Not one word was exchanged while we waited for the boy to return with our drinks. Not to say there was no communication. Thoughts are things. Lizbeth's eyes were glazed with tears. My
thoughts were hatchets.
Numbed by too many years underground, I had become an emotional amnesiac. I looked again. It was not so long ago that we were quick to stone, drown, shackle, or burn at the stake a woman for lesser sins. Punishments harking back to a maligned myth about a woman, an apple, and a snake.
“Forgive me,” I said, a flick of my hand dismissing Lizbeth's puzzled look. It would have required a dissertation to explain the leap I had just made from seeing her as a temptress to remembering my soul's lessons.
In a maudlin way, it all seemed funny now. Who was that woman who had furiously thrown down furniture? Not even Alcyone had that kind of fire. Was this the human woman who had baffled and eluded me for all these years? Was I more animal than soul, after all?

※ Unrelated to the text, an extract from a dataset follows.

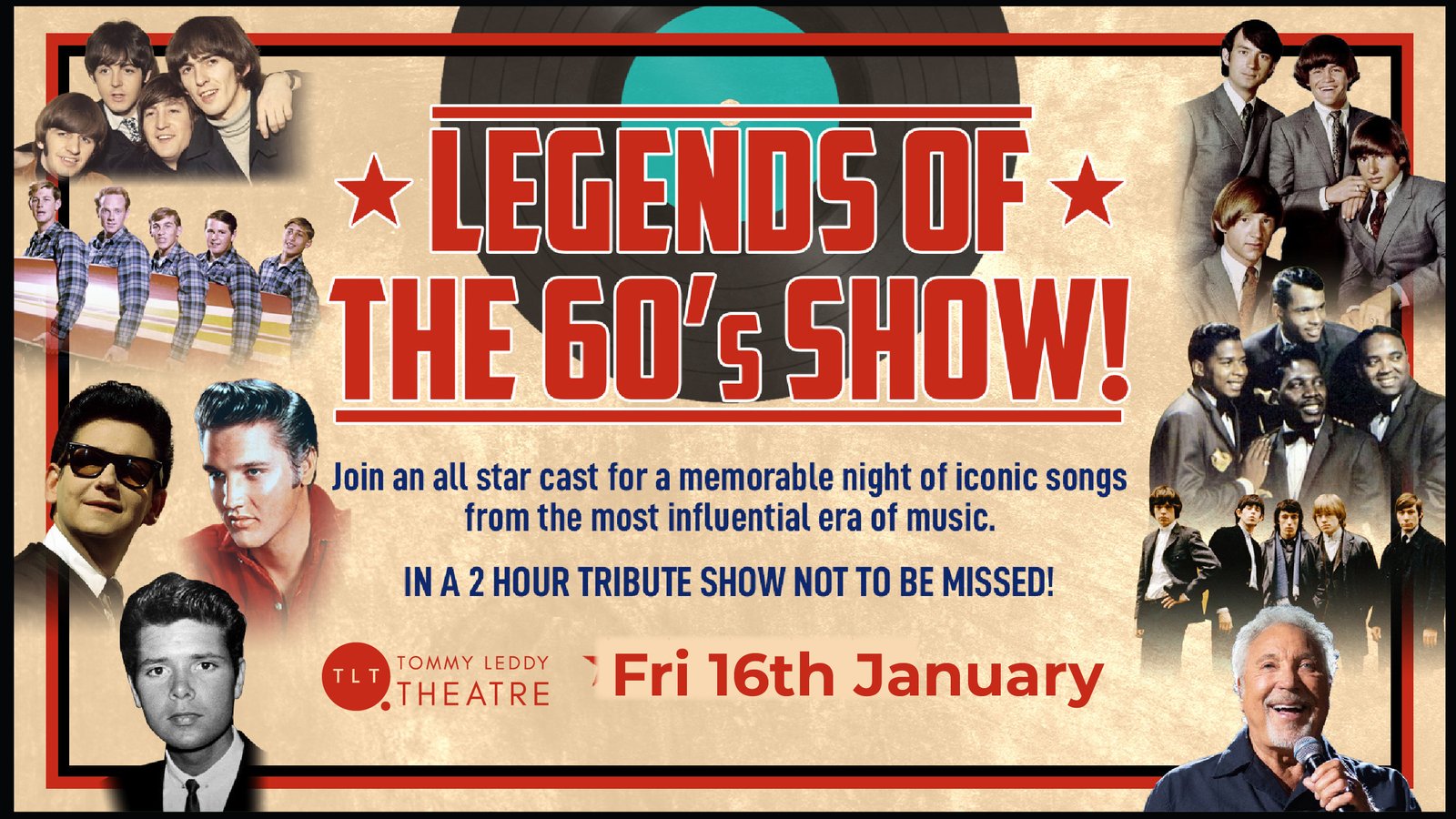 Expect world-class tributes to legendary artists including Elvis Presley, The Beatles, The Monkees, The Rolling Stones, Roy Orbison, Tom Jones, Cliff Richard, The Beach Boys, The Drifters, and many more. With over 40 iconic songs performed live in one night, the show delivers an exhilarating journey through the sounds that shaped a generation.

I was tapping my fingers on the table, puzzling over my behavior when the boy came with our drinks. Then Lizbeth confessed the particulars of her relationship with my husband. Quiet and sad, I listened to the old, dreary tale of passion that promises everything, then slithers off into the gray dawn, stealing away the treasures of self dignity.
She told me her big secret. Drake had won big on two dog races at the Pueblo Greyhound Park. Fifty thousand dollars. I wrote the number on a small pad in my purse. Money numbers sometimes get twisted around in my mind. This number, I needed to remember.
To elude me and the IRS, Drake had bet under the name of a phony company created by his lawyer pal, Camden Wicks. A good bloodhound attorney could easily dissemble the scam.
I felt gentle toward Lizbeth. How could she know that money did not hold for me the luster it did for her and Drake? It was the deceit that hurt the most…and the physical assault.